5. Leadership Advice: People, Process, Technology
- Foundational Principle: “People process and technology… is so important today.” — Amy Trainor [11:02]
- Sometimes Less is More: Streamline processes; sometimes, “the best technology is removing, making it less complicated.” [11:24]
- Staff Engagement: Operational buy-in and basic AI education (“What does AI mean for healthcare jobs of the future?”) are essential for successful adoption.
- Transparent Communication: Fosters trust and innovation.
6. Success Stories & Lessons Learned
- Pharmacy AI Solution: Led by the Chief Pharmacy Officer, bringing operational ownership and “100% adoption… wonderful ROI.” — Amy Trainor [12:14]
- Contrast With IT-Led Implementation: Solutions imposed by IT without service line buy-in suffer from “low adoption, not much trust in the product” [12:31].
- Main Takeaway: “If you really bring it along the whole way, your operational counterparts, the road to success is much shorter.” — Amy Trainor [12:45]
Notable Quotes & Memorable Moments
- On AI’s Reality vs. Hype: “AI is no longer a buzzword… This one is real.” — Amy Trainor [02:05]
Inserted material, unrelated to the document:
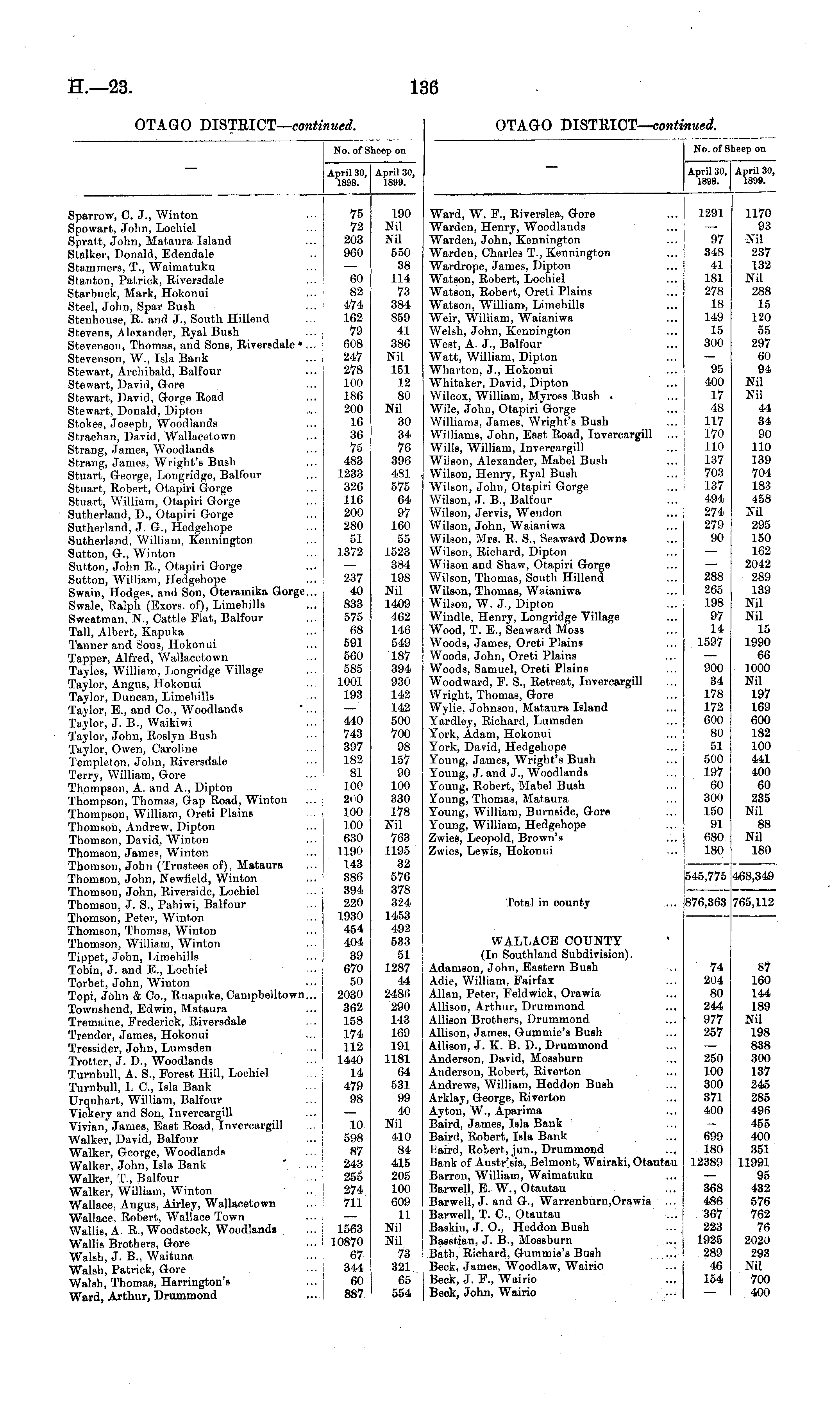 No. of Sheep on April 30, 1898. April 30, 1899. Ward, W. F., Riverslea, Gore Warden, Henry, Woodlands Warden, John, Kennington Warden, Charles T., Kennington Wardrope, James, Dipton Watson, Robert, Lochiel Watson, Robert, Oreli Plains Watson, William, Limehills Weir, William, Waianiwa Welsh, John, Kennington West, A. J., Balfour Watt, William, Dipton Wharton, J., Hokonui Whitaker, David, Dipton Wilcox, William, Myross Bush . Wile, John, Otapiri Gorge Williams, James, Wright's Bush Williams, John, East Road, Invercargill Wills, William, Inrercargill Wilson, Alexander, Mabel Bush Wilson, Henry, Ryal Bush Wilson, John, Otapiri Gorge Wilson, J. B., Balfour Wilson, Jervis, Wendon Wilson, John, Waianiwa Wilson, Mrs. R. S., Seaward Downs Wilson, Richard, Dipton Wilson and Shaw, Otapiri Gorge Wilson, Thomas, South Hillend Wilson, Thomas, Waianiwa Wilson, W. J., Dipton Windle, Henry, Longridge Village Wood, T. E., Seaward Moss Woods, James, Oreti Plains Woods, John, Oreti Plains Woods, Samuel, Oreti Plains Woodward, F. S., Retreat, Invercargill Wright, Thomas, Gore Wylie, Johnson, Mataura Island Yardley, Richard, Lumsden York, Adam, Hokonui York, David, Hedgehope Young, James, Wright's Bush Young, J. and J., Woodlands Young, Robert, Mabel Bush Young, Thomas, Mataura Young, William, Burnside, Gore Young, William, Hedgehope Zwies, Leopold, Brown's Zwies, Lewis, Hokonui I 1291 1170 93 Nil 237 132 Nil 288 15 120 55 297 60 94 Nil Nil 44 34 90 110 139 704 183 458 Nil 295 150 162 2042 289 139 Nil Nil 15 1990 66 1000 Nil 197 169 600 182 100 441 400 60 235 Nil 88 Nil 180 97 348 41 181 278 18 149 15 300 95 400 17 48 117 170 110 137 703 137 494 274 279 90 288 265 198 97 14 1597 900 34 178 172 600 80 51 500 197 60 300 150 91 680 180 545,775 468,349 Total in county 876,363 765,112 WALLACE COUNTY (In Southland Subdivision). Adamson, John, Eastern Bush Adie, William, Fairfax Allan, Peter, Feldwick, Orawia Allison, Arthur, Drummond Allison Brothers, Drummond Allison, James, Gummie's Bush Allison, J. K. B. D., Drummond Anderson, David, Mossburn Anderson, Robert, Riverton Andrews, William, Heddon Bush Arklay, George, Riverton Ayton, W., Aparima Baird, James, Isla Bank Baird, Robert, Isla Bank Haird, Robert, jun., Drummond Bank of Austr'sia, Belmont, Wairaki, Otautau Barron, William, Waimatuku Barwell, E. W., Otautau Barwell. J. and G., Warrenburn,Orawia Barwellj T. C, Otautau Baekin, J. O., Heddon Bush Basstian, J. B., Mossburn Bath, Richard, Gummie's Bush ... Beck, James, Woodlaw, Wairio Beck, J. F., Wairio Beck, John, Wairio 74 204 80 244 977 257 250 100 300 371 400 87 160 144 189 Nil 198 838 300 137 245 285 496 455 400 351 11991 95 432 576 762 76 2020 293 Nil 700 400 699 180 12389 368 486 367 223 1925 289 46 154

- On Virtual Care Implementation: “We have to really make sure we are not automating bad processes… Simplicity is really important to us.” — Amy Trainor [06:17]
- On Governance: “We created our own principles that really align well with the guidance from the federal government… We need guiding principles for AI like what are our non-negotiables.” — Amy Trainor [08:55]
- On Transparency & Buy-In: “The people in the process drive the technology, not the opposite… The more open and transparent we are about it, the more people are willing to adopt and look at the tools that we're giving them.” — Amy Trainor [11:15, 12:01]
Timestamps for Key Segments
- 00:46 — Amy’s Background & Ochsner’s Philosophy
- 02:05 — Practical AI Use Cases & Risk Management
- 05:47 — Virtual Care Growth & Adoption Challenges
- 08:33 — Law/Regulation Shifts & Internal Policy
- 11:00 — Leadership Advice & Staff Engagement
- 12:14 — Case Studies: Pharmacy AI vs. IT-Led Solutions
Summary:
Amy Trainor offers a grounded, operations-focused perspective on digital transformation in healthcare. Ochsner Health’s key to success has been prudent deployment of AI, intentional virtual care expansion, close attention to regulations, and, above all, true collaboration across clinical, operational, and IT teams. Her advice for peers: focus on people and process first, keep patients at the center, and make AI strategy everyone’s job—not just IT’s.